Given records:
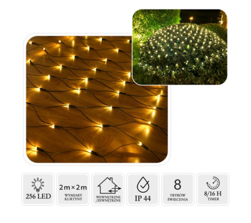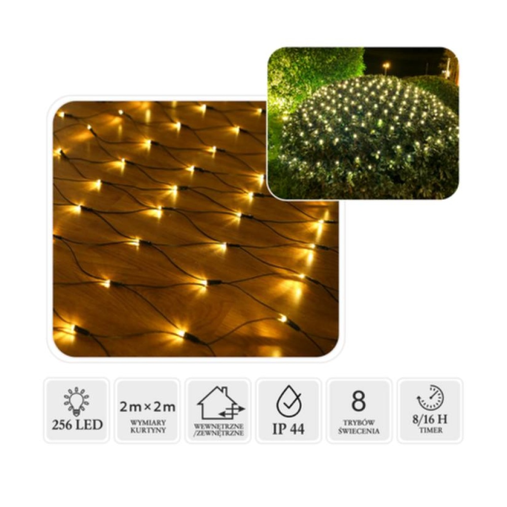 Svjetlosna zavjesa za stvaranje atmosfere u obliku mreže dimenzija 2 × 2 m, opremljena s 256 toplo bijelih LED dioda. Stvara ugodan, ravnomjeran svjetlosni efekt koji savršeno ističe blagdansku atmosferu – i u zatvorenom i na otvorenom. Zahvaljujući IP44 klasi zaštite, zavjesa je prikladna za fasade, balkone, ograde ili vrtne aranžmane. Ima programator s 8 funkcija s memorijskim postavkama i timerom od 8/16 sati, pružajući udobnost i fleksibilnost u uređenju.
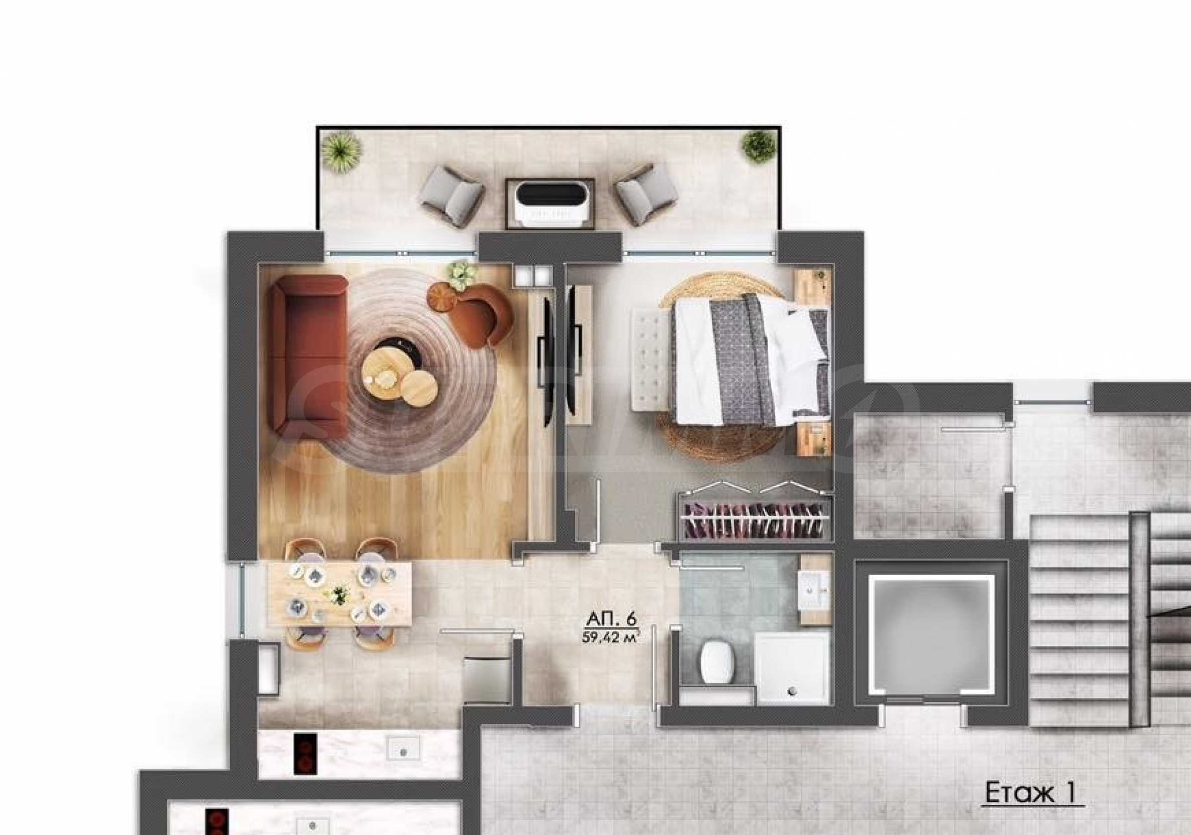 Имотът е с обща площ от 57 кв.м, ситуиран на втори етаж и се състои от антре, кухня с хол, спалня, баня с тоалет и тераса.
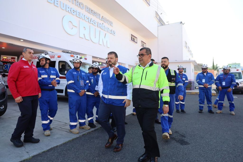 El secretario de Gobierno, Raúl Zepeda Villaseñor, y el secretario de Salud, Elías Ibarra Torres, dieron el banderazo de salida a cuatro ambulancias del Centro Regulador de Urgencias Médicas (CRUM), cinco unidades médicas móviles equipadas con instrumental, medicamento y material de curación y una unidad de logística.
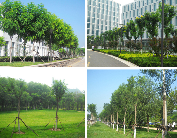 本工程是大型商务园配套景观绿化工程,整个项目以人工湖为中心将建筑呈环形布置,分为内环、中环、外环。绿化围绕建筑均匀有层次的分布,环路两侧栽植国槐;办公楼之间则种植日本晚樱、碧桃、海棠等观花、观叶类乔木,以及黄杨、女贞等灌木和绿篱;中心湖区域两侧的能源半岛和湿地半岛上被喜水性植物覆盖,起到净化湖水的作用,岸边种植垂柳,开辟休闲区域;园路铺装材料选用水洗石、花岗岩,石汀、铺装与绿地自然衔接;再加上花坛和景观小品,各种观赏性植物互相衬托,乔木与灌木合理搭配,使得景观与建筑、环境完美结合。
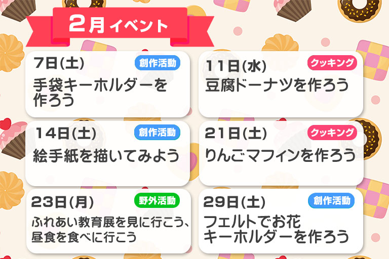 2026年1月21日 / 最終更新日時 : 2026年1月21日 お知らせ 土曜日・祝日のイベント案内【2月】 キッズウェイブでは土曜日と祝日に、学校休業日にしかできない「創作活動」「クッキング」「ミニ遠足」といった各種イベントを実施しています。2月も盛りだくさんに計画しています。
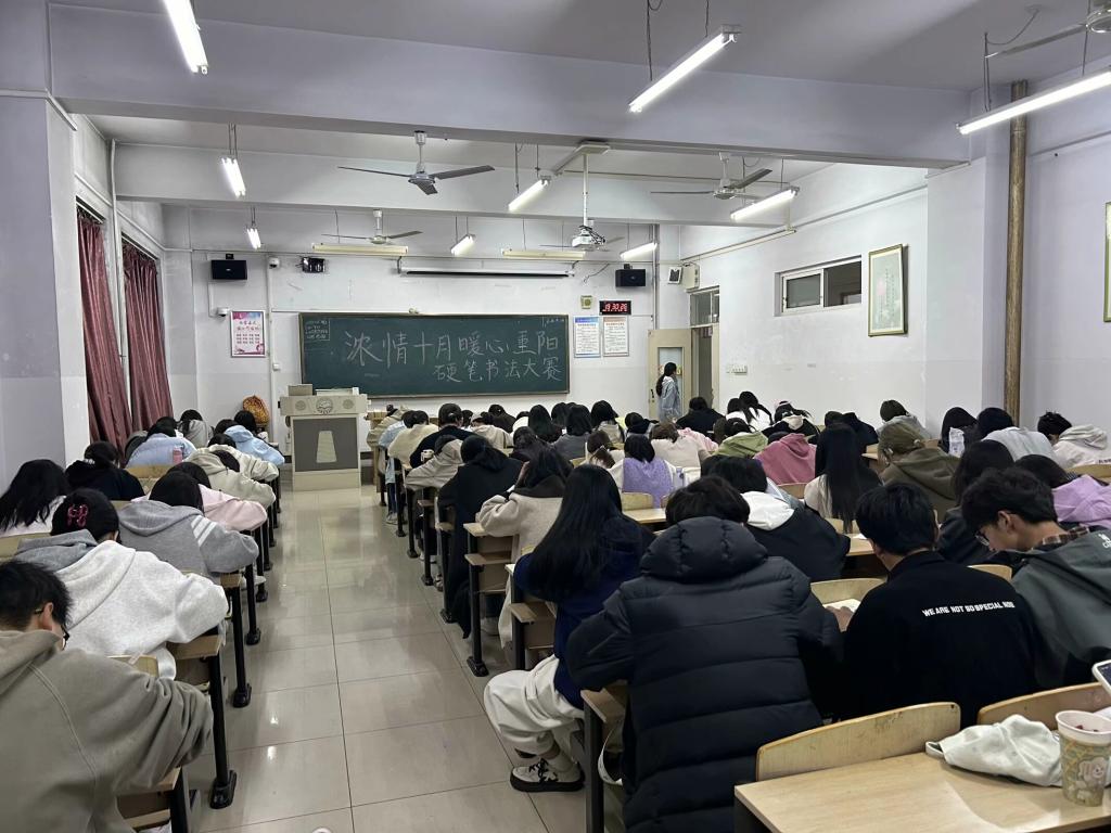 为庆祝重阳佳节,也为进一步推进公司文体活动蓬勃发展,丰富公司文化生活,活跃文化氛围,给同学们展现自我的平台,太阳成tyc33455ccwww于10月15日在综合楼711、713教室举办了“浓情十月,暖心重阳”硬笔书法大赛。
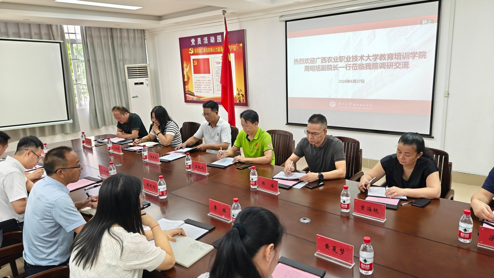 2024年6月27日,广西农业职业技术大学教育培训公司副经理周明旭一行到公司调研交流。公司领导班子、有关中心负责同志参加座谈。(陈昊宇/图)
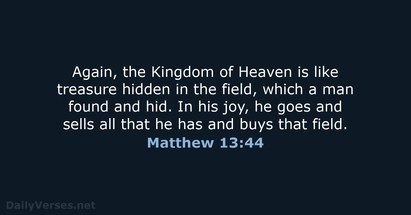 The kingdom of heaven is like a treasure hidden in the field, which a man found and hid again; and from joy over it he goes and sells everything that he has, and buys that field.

...

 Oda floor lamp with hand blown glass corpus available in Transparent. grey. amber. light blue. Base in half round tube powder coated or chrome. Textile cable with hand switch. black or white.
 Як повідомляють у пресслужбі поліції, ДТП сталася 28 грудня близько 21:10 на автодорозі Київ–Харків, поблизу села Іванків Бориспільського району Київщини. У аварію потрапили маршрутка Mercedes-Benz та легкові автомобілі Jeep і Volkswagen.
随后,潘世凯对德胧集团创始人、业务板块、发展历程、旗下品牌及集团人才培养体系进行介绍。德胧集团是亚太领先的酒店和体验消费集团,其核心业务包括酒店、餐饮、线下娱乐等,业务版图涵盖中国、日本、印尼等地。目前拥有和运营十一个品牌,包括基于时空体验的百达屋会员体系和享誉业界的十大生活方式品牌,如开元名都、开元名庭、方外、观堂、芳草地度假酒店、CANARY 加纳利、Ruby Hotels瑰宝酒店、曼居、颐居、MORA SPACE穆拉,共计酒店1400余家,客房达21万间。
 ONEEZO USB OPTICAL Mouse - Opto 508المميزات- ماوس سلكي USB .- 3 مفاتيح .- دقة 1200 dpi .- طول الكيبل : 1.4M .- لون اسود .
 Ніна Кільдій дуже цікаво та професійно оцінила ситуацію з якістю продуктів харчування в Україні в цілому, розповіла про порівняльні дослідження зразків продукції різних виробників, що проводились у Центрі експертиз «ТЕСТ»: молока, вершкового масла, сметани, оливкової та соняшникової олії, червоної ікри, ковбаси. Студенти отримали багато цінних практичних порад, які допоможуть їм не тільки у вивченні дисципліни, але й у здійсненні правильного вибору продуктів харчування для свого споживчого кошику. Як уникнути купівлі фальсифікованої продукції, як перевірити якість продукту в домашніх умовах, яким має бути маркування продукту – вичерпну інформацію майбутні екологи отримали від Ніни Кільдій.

Task objective: Please give back exactly the lines of the listing above that run from the one containing "Oda floor lamp" through the one containing "ONEEZO USB OPTICAL", and only those.

Output of the task:
 Oda floor lamp with hand blown glass corpus available in Transparent. grey. amber. light blue. Base in half round tube powder coated or chrome. Textile cable with hand switch. black or white.
 Як повідомляють у пресслужбі поліції, ДТП сталася 28 грудня близько 21:10 на автодорозі Київ–Харків, поблизу села Іванків Бориспільського району Київщини. У аварію потрапили маршрутка Mercedes-Benz та легкові автомобілі Jeep і Volkswagen.
随后,潘世凯对德胧集团创始人、业务板块、发展历程、旗下品牌及集团人才培养体系进行介绍。德胧集团是亚太领先的酒店和体验消费集团,其核心业务包括酒店、餐饮、线下娱乐等,业务版图涵盖中国、日本、印尼等地。目前拥有和运营十一个品牌,包括基于时空体验的百达屋会员体系和享誉业界的十大生活方式品牌,如开元名都、开元名庭、方外、观堂、芳草地度假酒店、CANARY 加纳利、Ruby Hotels瑰宝酒店、曼居、颐居、MORA SPACE穆拉,共计酒店1400余家,客房达21万间。
 ONEEZO USB OPTICAL Mouse - Opto 508المميزات- ماوس سلكي USB .- 3 مفاتيح .- دقة 1200 dpi .- طول الكيبل : 1.4M .- لون اسود .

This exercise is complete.